To push things any further, one would need access to Big Tech levels of computing power.

Or, as it happens, some really, really, really small audio files to work with…

Baa.

The three FLAC-encoded sound effects embedded within JS Mate Poe² are extremely tiny.

As you can see from the above, subjecting them to all the rigmarole from the previous article isn't for nothing, but they aren't — and probably never will be — living their smallest possible lives.

The trouble is that FLAC's final advanced tunable — apodization function(s) — isn't just a list of choices, but a list of choices with parameters that can also be arbitrarily chained together up to thirty-two links deep!

And each one takes time to test.

Even for a less-than-a-second clip like Poe's baaaaa, the sun would burn out long before the near-infinite number of possible configurations could be exhausted.

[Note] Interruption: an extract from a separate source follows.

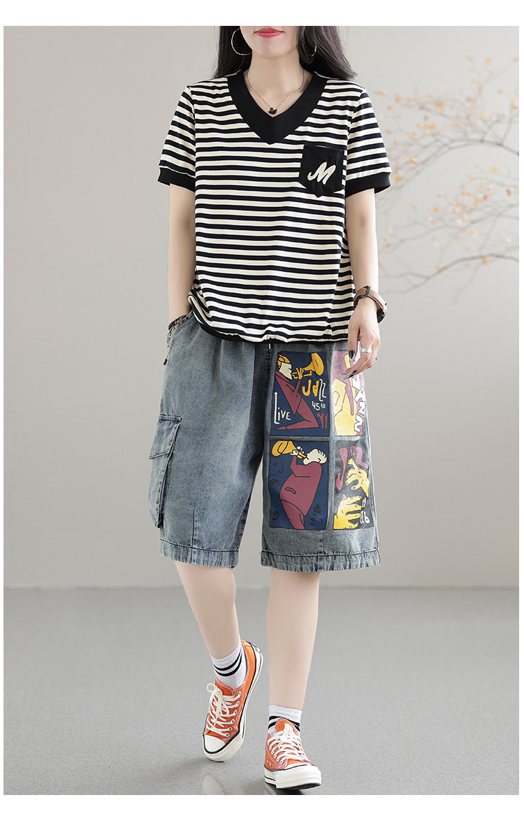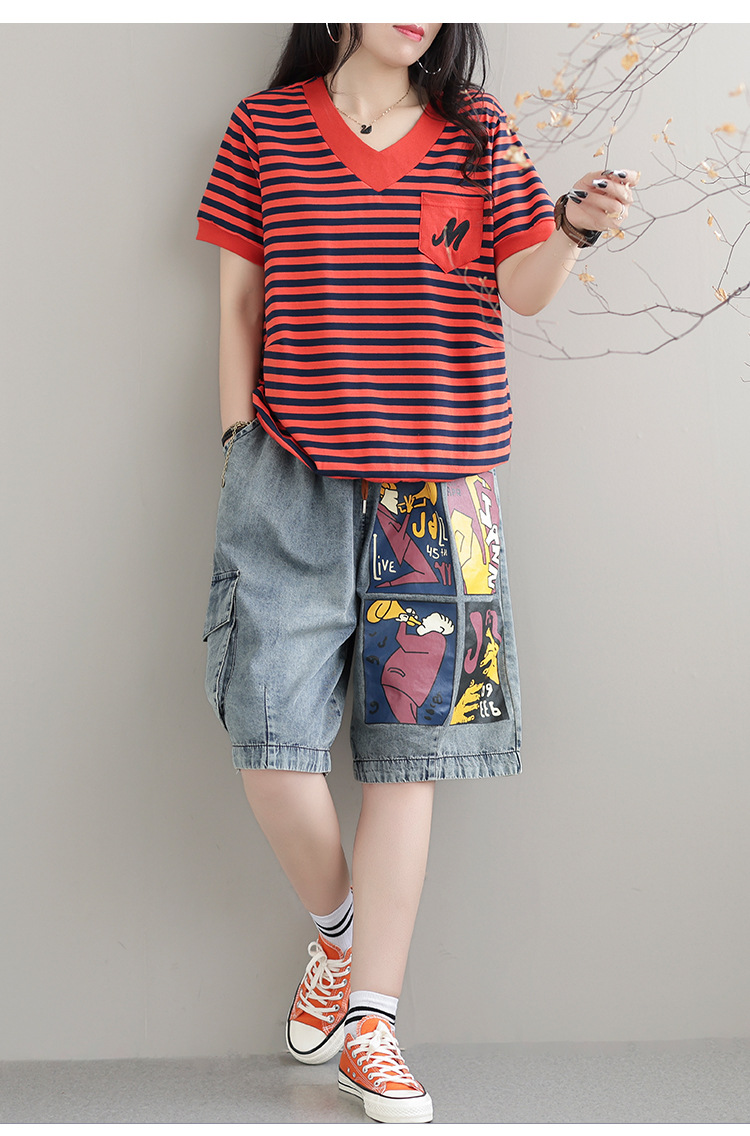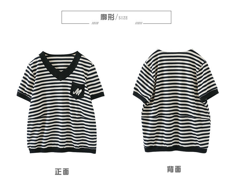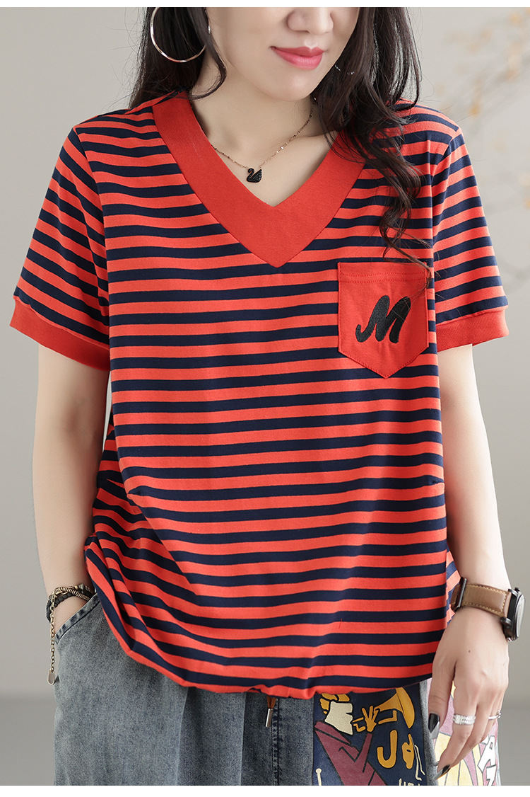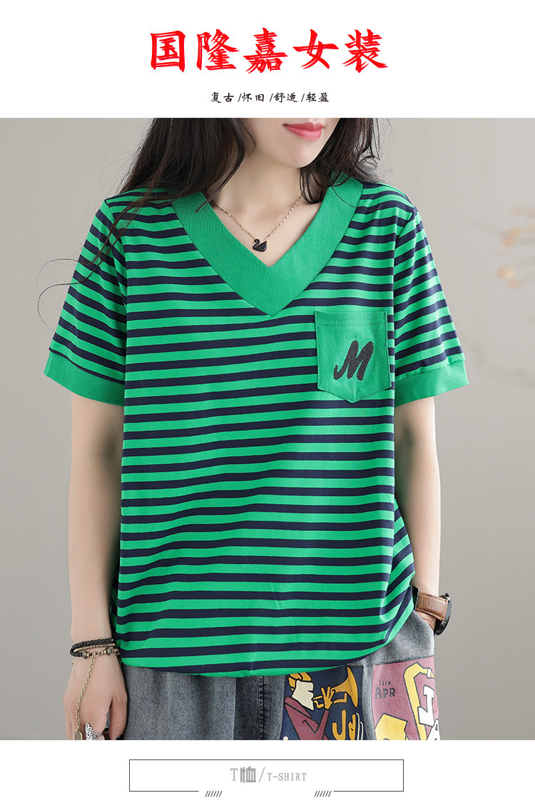 여자 플러스 사이즈 스트라이프 반팔 티셔츠 여자 코튼 2024 여름 새로운 V 넥 자수 예술적 루즈 올 매치 탑스토어 가기

But what the hell. It's cold outside. Let's try to make a dent!

Reconnoitering the Rim.

The reference encoder supports eighteen different apodization functions, but three of them are obsoleted and needn't be mentioned again:

• bartlett
• bartlett_hann
• blackman
• blackman_harris_4term_92db
• connes
• flattop
• gauss(STDDEV)³
• hamming
• hann
• kaiser_bessel
• nuttall
• rectangle
• partial_tukey(N/OV/P) ^[obsolete]
• punchout_tukey(N/OV/P) ^[obsolete]
• subdivide_tukey(N/P)⁴
• triangle
• tukey(P) ^[obsolete]
• welch

Apodization(s) affect compression in extremely complex and source-specific ways, but before we can marvel at the seeming randomness of it all, we need to come up with some reasonable constraints for the STDDEV, N, and P parameters in the list.

The number of tukey subdivisions (N) directly — and expontentially — impact encoding times, but any given frame can only be cut up so many times before the chunks become too small to work with. For these files, a range of 2..=64 includes almost every possibility,⁵ so let's make it so!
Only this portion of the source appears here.